Mitch Holleman (born Thomas Mitchell Holleman; September 13, 1994) is an American actor best known as youngest son Jake Hart on the sitcom Reba.

Life and career
Born in Auburn, Alabama, Mitch began begging to be on television at the age of 2. The family moved to Naples, Florida and he was signed to a Miami-based talent agency. By 4, he had done two commercials for Nickelodeon and Burger King. In addition to acting, Mitch enjoys Taekwondo, amusement parks and surfing on his days off.
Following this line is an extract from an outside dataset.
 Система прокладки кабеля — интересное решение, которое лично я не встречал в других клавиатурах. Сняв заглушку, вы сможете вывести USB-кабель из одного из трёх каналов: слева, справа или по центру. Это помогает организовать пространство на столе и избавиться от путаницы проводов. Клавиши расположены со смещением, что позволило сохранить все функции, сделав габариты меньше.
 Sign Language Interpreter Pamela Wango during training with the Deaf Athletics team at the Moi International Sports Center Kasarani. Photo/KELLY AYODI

Aged 4, he took a trip to New York City with his mother, which resulted in numerous commercials and a guest-starring role on The Sopranos. His big break came at age 5 when he landed a series regular role on Daddio. He also had a lead role on the show, Reba. Since then, he has guest-starred on Everybody Loves Raymond and appeared in the films The Animal alongside Rob Schneider, and Bubble Boy alongside Jake Gyllenhaal. He also periodically serves as an on-air reporter for TV Guide Channel. By the age of 9, he had amassed several credits in television and movies. He has also had a voice-over role playing The Duke on Avatar: The Last Airbender. He also guest starred on Disney Channel's Shake It Up.

Since 2019, he has hosted a podcast called Extremely Internet with fellow comedians Kyle Anderson and Gracie Todd. 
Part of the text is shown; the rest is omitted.